Latino voters historically prefer to vote in person, Vargas said. But he also doesn’t see an option but to expand access to voting by mail as the general election nears.
“Latinos are much less likely to have had experiences voting by mail than non-Latinos,” he said. “So, unless voting by mail arrangements aren't accompanied by very robust public education campaigns to adequately educate Latino voters about how to vote by mail, this may actually erect more barriers to people being able to vote.”
In late May, a US district judge moved to allow voting by mail for people concerned about the coronavirus. But an appellate panel put that on hold days later.
Garcia says he likes to focus on small wins.

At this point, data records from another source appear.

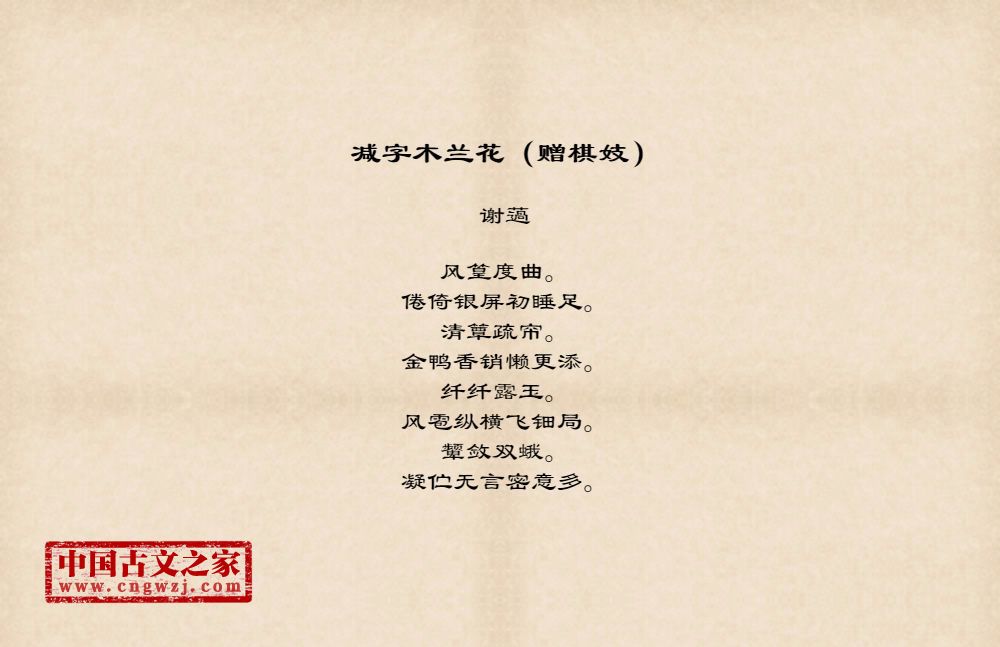 《减字木兰花(赠棋妓)》的原文打印版(谢薖)
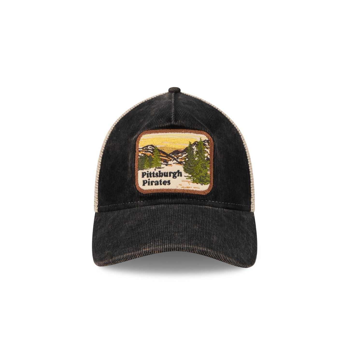 The Pittsburgh Pirates Vintage Landscape 9TWENTY A-Frame Trucker features an embroidered Pirates Vintage Landscape patch at the front panels with a team logo at the right-wear side. Additional details include an adjustable snapback closure at the rear and a gray undervisor.
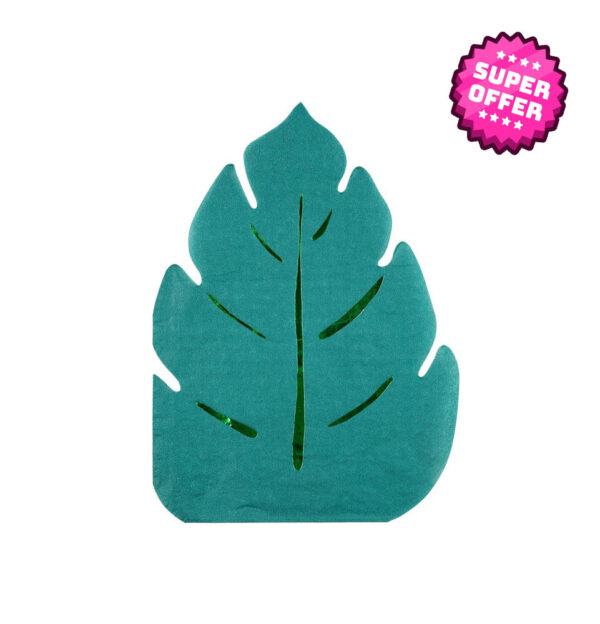 Un set di tovaglioli sagomati, impreziositi da particolari verde lucido. Perfetti per una festa a tema giungla oppure tropicale. Liberate la vostra fantasia nel creare il perfetto corredo.
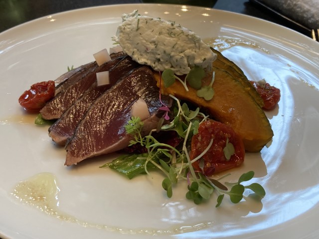 まずはランチをいただきながら、ミニ・レクチャー。今回選んだ会場は、アマン東京の「ザ・カフェ by アマン」にて。アマン東京のロビーやラウンジは高層階にありますが、このカフェだけは1Fの、森に囲まれた空間の中にあります。全面のガラス窓から森が見えるという、大手町にいることを忘れさせるような構造のカフェにて、ランチコースを。
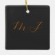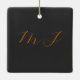 Chic calligraphy grey orange monogram name initial ceramic ornament
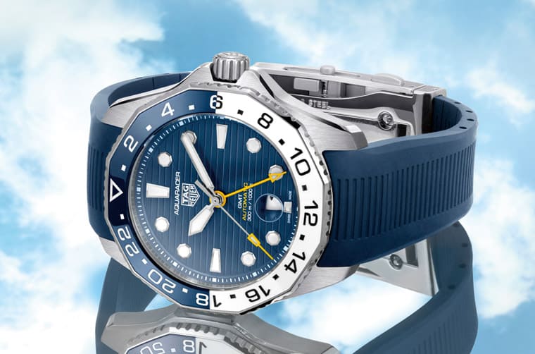 TAG HEUER泰格豪雅招牌潜水表Aquaracer Professional 300功能于2022年再度进化,品牌打造出新款两地时间腕表,不仅可以陪伴表主上山下海,还能跨越全球时区,即时同步了解原居地与所在地的当前时刻,替Aquaracer系列再添吸引人的魅力元素。
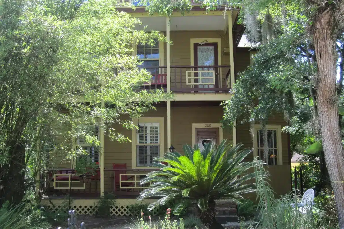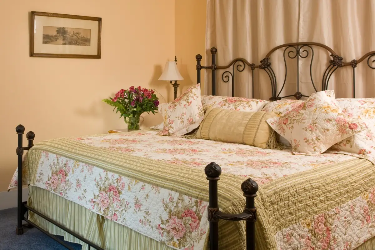 Claim your own private oasis in the Wilson Suite, a welcoming two-room suite on the second floor of our historic Wilson House.This spacious retreat features a king-sized bed, a soothing full bath with a two-person whirlpool tub and shower, and a bright sitting room with a queen sleeper sofa. It’s the perfect choice for couples or friends planning a relaxing getaway. Step out onto your private porch for a front-row view of award-winning gardens and the lively charm of St. George Street.

LULAC’s next target state is Arizona, he added.
“I keep thinking that mañana things will be better for Jose and Maria on Main Street, and for Billy Bob and Mary Sue on Main Street. ”
“You know, I’m an eternal optimist,” he said. “I keep thinking that mañana things will be better for Jose and Maria on Main Street, and for Billy Bob and Mary Sue on Main Street. ”
Another win can be traced to the Dodge City case. It took two years, but the city now has three polling sites.
Rangel-Lopez, the plaintiff, who is now 19, is glad to see that but says voter suppression elsewhere is real.
“I’m very worried about what’s going to happen,” he said. “And there needs to be a lot more attention to this issue than what we’re currently giving it.”
This year, Rangel-Lopez will vote for the first time in a presidential election. He's been reflecting on his achievement as a high school senior two years ago with the legal case over polling sites.
“You are never too young to be politically active or to affect change in your community, in your state or nationally,” he said.
Rangel-Lopez learned that lesson. Now, he wants to make sure other young people learn it, too.